Horizontal partitioning can be used to send only specific rows from one departmental database to another departmental database or to a corporate warehouse.

Horizontal partitioning is also useful if you want to re-publish a table at the subscriber so local edits can be made. This can be useful if the data is already located at regional sites that edit their own data. In this situation, the application must be developed carefully to avoid conflicts in data updates.

SQL Server replication supports this scenario by allowing any server in the topology to play the roles of subscriber and publisher simultaneously. By carefully limiting the data set and allocating the privilege to modify data to the region that "owns" each subset of rows, update conflicts can be avoided. Even if you consider another replication scheme in which multi-site updates to a single row are permissible, it is best to design your database up-front to avoid conflicts. Conflict resolution is inherently costly because it adds another step to the process of transmitting changes to each subscriber.
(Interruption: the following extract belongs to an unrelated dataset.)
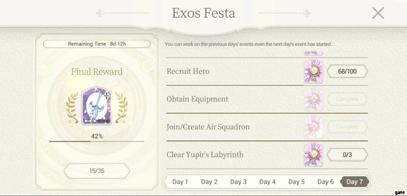 As soon as you dive into the world of Exos Heroes, The Exos Festa Event starts being active. This feature unlocks certain objectives you need to accomplish to earn Exos and other valuable rewards. The missions typically relate to the usual activities you should engage in just like the daily missions, challenge missions, and achievements. You can still accomplish missions and earn rewards for the previous days and although it is a 7-day event, you have more than 2 weeks to accomplish all feats.

Regardless of the motivating factor behind the decision to use horizontal partitioning, there are trade-offs that must be considered. Horizontal partitions can degrade replication performance because the filter clause on the article is evaluated for each row in the log that is marked for replication to determine whether it should be included in the distribution database's transaction and commands tables. Horizontal partitions should likely be avoided where each site can support the full data load, the overall data set is reasonably small, and the number of insert, update, and delete transactions per day is relatively high.

Horizontal partitioning is convenient because it can be readily applied to existing deployed applications where a site-specific attribute is present in the table to be published or in one of its related tables. Additionally, only a single copy of the metadata associated with any table need exist on each database in a distributed system. This is a significant advantage over the same restrictions incurred in fragmenting (data allocation) your database design.

Vertical Partitioning

Unlike horizontal partitions, vertical partitions alter the construction of the column list for a publication. This feature does not pose a performance impact and can, in some cases, reduce the amount of time it takes to insert replicated commands at the subscriber.

Vertical partitioning can be used to limit the columns replicated as part of an article definition. It can decrease the volume of data traffic across the network or the size of storage at each site by eliminating large text or image columns that may be unnecessary at subscribers.

Though views can work better for this purpose, the combination of a security need and a desire to provide greater autonomy for each site can make vertical partitioning a valuable technique for an application. Vertical partitioning can be used to limit the view of data at a remote location by excluding privileged data that is desirable only at the central publisher.

Limiting Data Sets Through Data Allocation

An alternative to complex query evaluation for the application of a filter clause to each publication created on a table, is to rely on horizontal fragmentation of the data tables during the design phase. For example, if your data can be partitioned on regional boundaries, you can physically store the data in discrete tables specific to each region. Replicating the data in these tables does not require costly article filters and greatly simplifies the logical view of the data model. The drawback is the need to maintain metadata in multiple locations for each table. That is, essentially the same table (but a region-specific version) must be modified in the event a schema change is called for system-wide. For this reason, it is critical that the attributes of these tables be well thought out.

When you partially replicate a database, you must not include a single table in multiple publications targeted for a single site. This redundancy can cause synchronization and blocking problems when replicated data is applied to the target subscriber. The general rule for a subscriber is that you should make only one transactional subscription to any table in the database.